近年、医師の特定地域への偏在および医師不足(特に地方の病院)は深刻な社会問題である。その最大の原因は「新制度」であると考える。これまで医師免許取得後2年間の臨床研修は任意であった。それが、平成16年4月から必修となり研修が義務化された。これが「新制度」である。
『2007年度医師臨床研修マッチング』によれば、来春の新卒医師の臨床研修先は大学病院48.8%、市中病院51.2%で大学離れが続いている<旧制度では約70%が大学病院であった>。また、臨床研修医充足率(募集定員に対する割合)を都道府県別でみると、最高が東京の90%で、以下京都、福岡の順。最低は新潟の40%で、鳥取、富山、三重、青森と続く。さらに、専門研修進路(臨床研修終了後の卒後3年目医師の進路)も同様の傾向で、大学病院での勤務・研修は48.6%と5割を下回った(厚生労働省研究班「臨床研修に関する中間報告」)。「新制度」は医師の大学離れとともに、医師を都市に集中させる結果になっている。いままで地方への医師供給システムを担ってきた大学医局に研修医が残らなくなり、医師派遣余力が小さくなった。結果、このシステムに永年依存してきた、特に地方の病院は医師の不足となる。『一県一医大(無医大県解消)構想』で医学部学生は全国に分散しているが、その効果を打ち消している。

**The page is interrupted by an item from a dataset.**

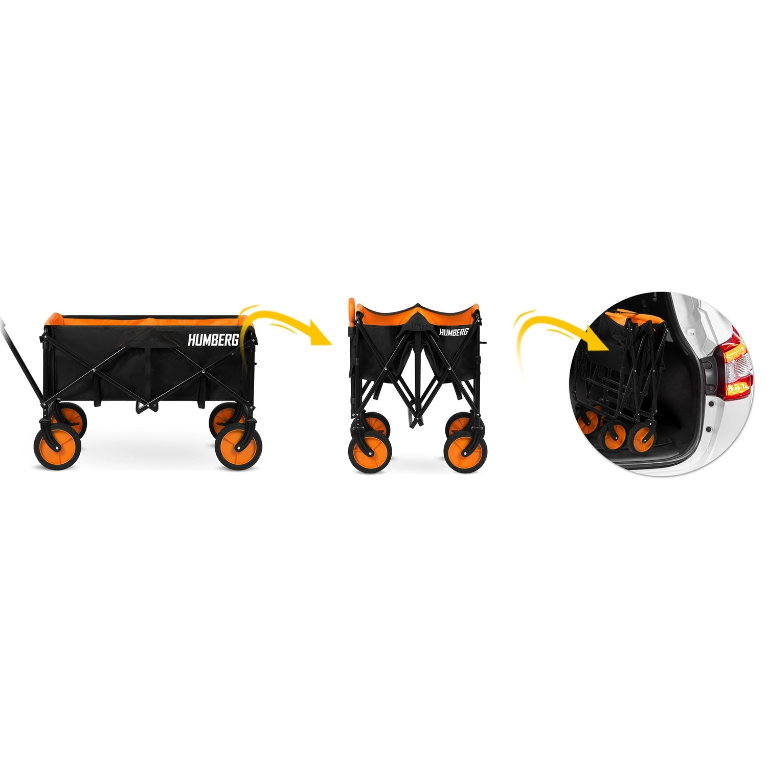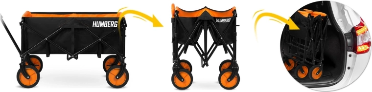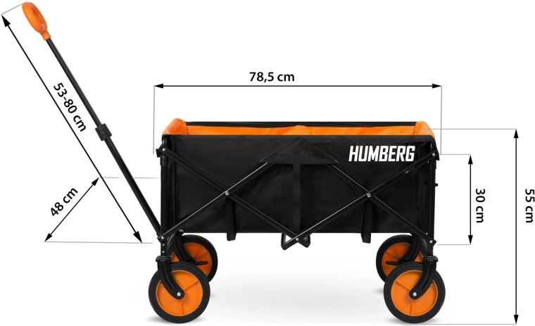 Skládací přepravní vozík HUMBERG je spolehlivý pomocník pro každodenní použití – od zahradničení přes kempování až po dovolenou u vody. Pevný ocelový rám s práškovým lakem odolá námaze, zatímco prostorná textilní korba o objemu 100 l pojme nářadí, nákupy i sportovní výbavu. Díky rychlému skládacímu mechanismu vozík složíte během okamžiku a snadno uložíte do kufru auta či komory.

背景には、わが国の新自由主義の台頭、すなわち国家によるサービスの縮小(小さな政府、民営化)と規制緩和、市場原理主義がある。「新制度」もその延長戦上に存在する。独立行政法人化した大学病院や市中病院が、研修医獲得のためにさまざまな創意・工夫をするようになった。研修医は多くの選択肢から自由に研修先を選べるようになった。魅力のある組織でないと研修医が集まらなくなったのである。このことは、評価すべきである。しかし、その過程で医師が都市の有名大学、有名病院へ集中し、地方が医師不足となるのは、弱肉強食の新自由主義では当然の帰結なのである。医師不足は、国の無策のために生じた問題ではなく、国が医療を含め新自由主義へ向かって舵取りを進めていることのより生じた根源的な問題であると私は考える。
医療は”社会資本である”という考えで守られてきた分野である。国民の命を守る使命を持った医療分野に自由競争市場原理が持ち込まれようとしている。是非について、早急に政治的判断を下す時である。